This is the main reason I’m still where I am because the hassle of finding somewhere new.
Agree with this. It seems to be a new thing this not saying what the salary is. Really puts me off any organisation that does that. Seems a counter productive approach.
 

Blind-Faith

Well-Known Member
It’s not kids I have a problem with, it’s the fucking mums who have nothing better to do than just show off with pictures all day long of the kids. Well done to you , you’ve had a family, you have the perfect little life , we don’t need to know every little detail of every little trip you make and the fact you can’t believe your offspring is going to be a certain age tomorrow. Attention seeking , look at me I’m so much better than you with how everything’s going for me and my life’s working out fantastic, just fuck off!
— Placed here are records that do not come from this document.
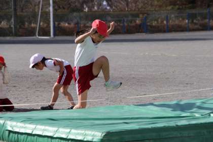 両足を巧みに使って跳ぶ、高く跳ぶために手を使って上方向に体を引き上げる、体を少し横にしてバーに平行にするなど、ポイントとなる動きが見られました。
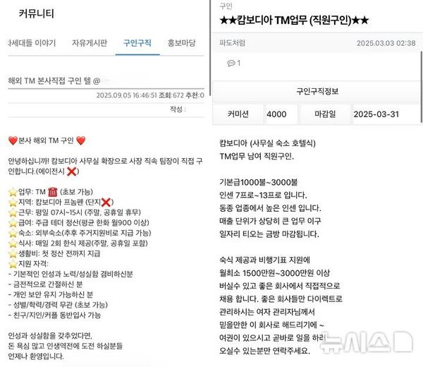 유럽 한인 커뮤니티에는 '본사 해외 TM 구인' 글이 올라왔다. 캄보디아 프놈펜에서 한 주에 한화로 900만원 이상을 벌 수 있으며 숙식이 제공된다고 적혀 있었다. 지원 자격은 '금전적으로 간절하신 분' '개인 보안 유지 가능하신 분' 등이었다.
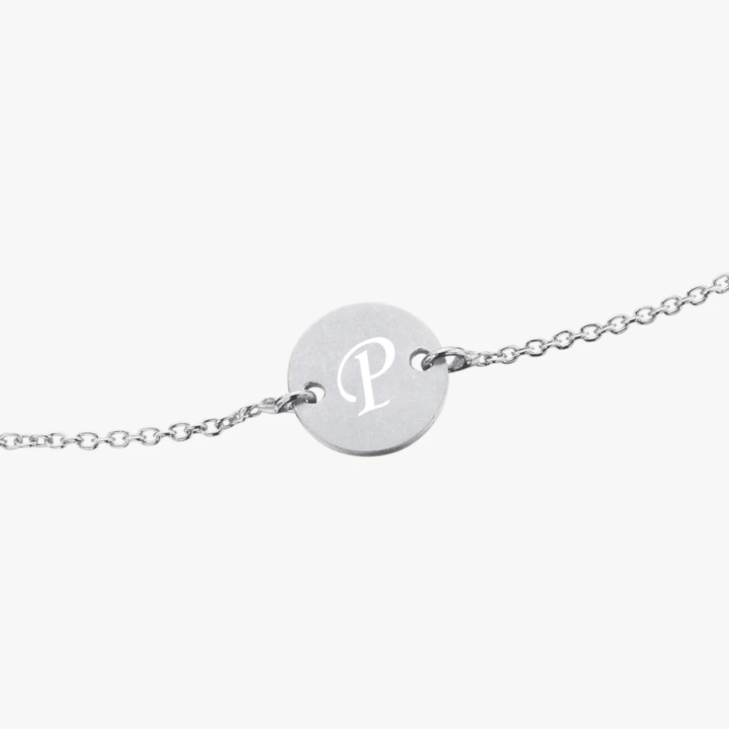 Super sødt Rundt armbånd med et forbogstav indgraveret i det runde vedhæng. Dette Runde armbånd har en diameter på 10 mm og kommer i længden 14,5 cm + 2 cm. Armbåndet bliver indgraveret med valgfrit personlige forbogstav, hvilket kan være forbogstavet på din kæreste, din mor, dit eget, konfirmanden mm.
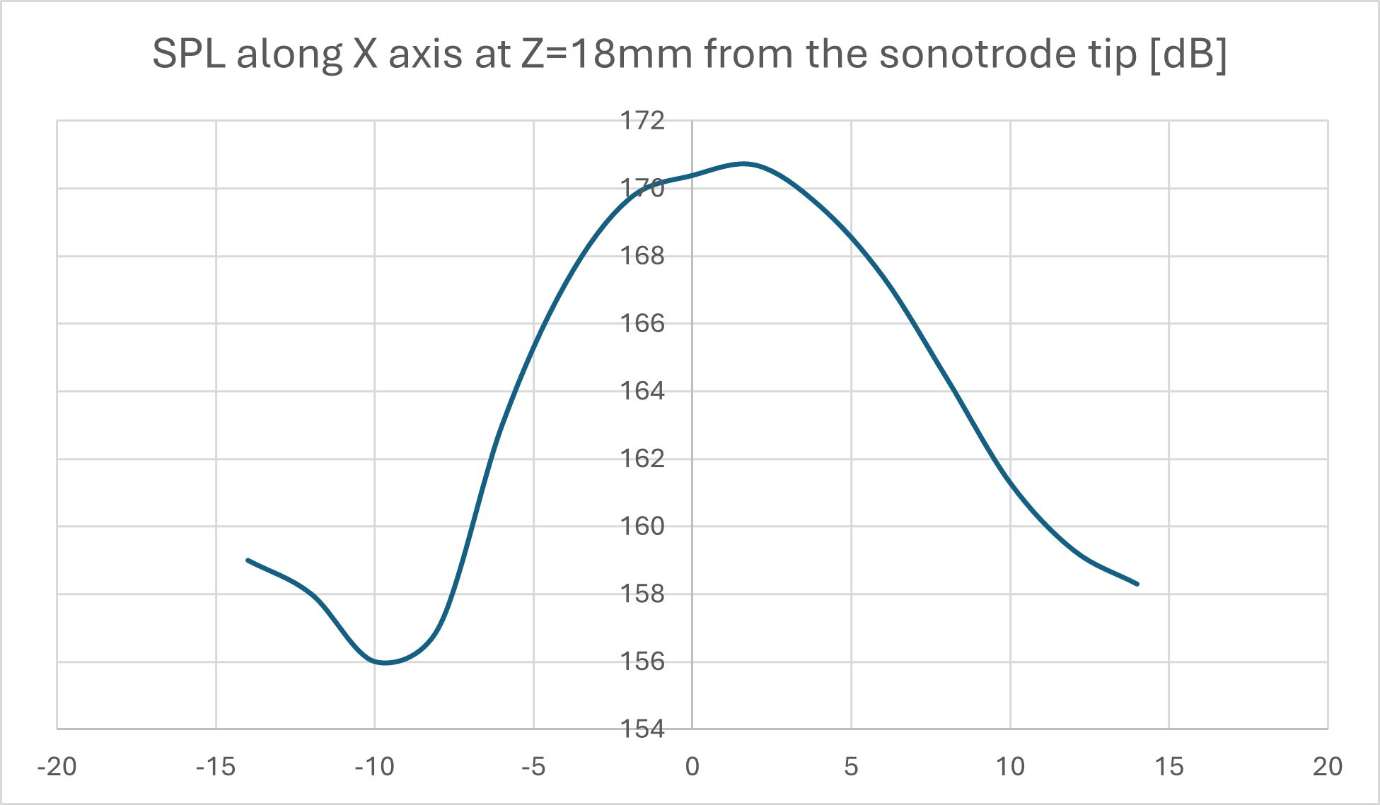 The acoustic pressure field generated by the probe was experimentally characterized in air using a calibrated microphone as shown in Figure 2. Measurements were performed both axially, in front of the radiating tip, and along a transverse plane intersecting the location of maximum acoustic pressure. These measurements provided direct validation of the predicted acoustic field distribution.
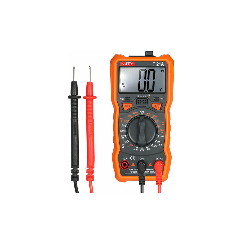 Paura di commettere errori di masterizzazione quando si utilizza il multimetro per la prima volta? Vuoi una visualizzazione della gamma più accurata in 2000 conteggi, leader nella tecnologia odierna? Puoi scegliere il nostro multimetro NJTY. Questo nuovissimo multimetro multifunzionale con processore MCU ad alta precisione e ad alte prestazioni può misurare la tensione CC/CA, la corrente CC, la resistenza. Può anche testare NCV (tensione senza contatto), transistor hFE, diodo e continuità. Con un supporto sul retro, comodo per appoggiarlo sul tavolo e leggere i valori.
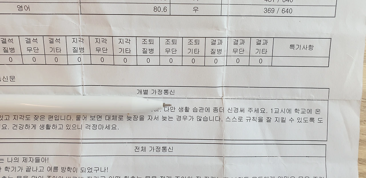 우연히 작은 녀석의 중학교 1학년 때 성적표를 발견했다. 이 성적표를 보고 얼마나 웃었는지...
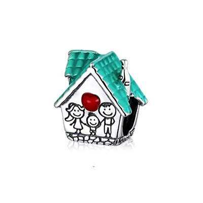 هرجا خانواده و عشق وجود داشته باشد آنجا خانه است! این چارم زیبا را به مجموعه خود اضافه کرده و حس امنیت خانه را همه جا همراه داشته باشید. این چارم نقره ای به صورت دستی ساخته و لعاب کاری شده است. آن را به اعضای خانه خود هدیه داده یا روی دستبند مورد علاقه خود همواره داشته باشید.

( apologies, I’ve had a very bad day at work! )
 

Wyken Sky Blue

Well-Known Member
It’s not kids I have a problem with, it’s the fucking mums who have nothing better to do than just show off with pictures all day long of the kids. Well done to you , you’ve had a family, you have the perfect little life , we don’t need to know every little detail of every little trip you make and the fact you can’t believe your offspring is going to be a certain age tomorrow. Attention seeking , look at me I’m so much better than you with how everything’s going for me and my life’s working out fantastic, just fuck off!


( apologies, I’ve had a very bad day at work! )
Youve basically summarised social media in a nutshell, not exclusive to mothers and their children

Sent from my I3113 using Tapatalk
 

Sick Boy

Super Moderator
Or people tagging themselves in the gym
The worst are those bellends who can’t help but make eye contact with themselves in the mirror most of the time there and just stop and stare at themselves close to the mirror…oh and they tend to wear a stupid fucking hat.
 

Ian1779

Well-Known Member
It’s not kids I have a problem with, it’s the fucking mums who have nothing better to do than just show off with pictures all day long of the kids. Well done to you , you’ve had a family, you have the perfect little life , we don’t need to know every little detail of every little trip you make and the fact you can’t believe your offspring is going to be a certain age tomorrow. Attention seeking , look at me I’m so much better than you with how everything’s going for me and my life’s working out fantastic, just fuck off!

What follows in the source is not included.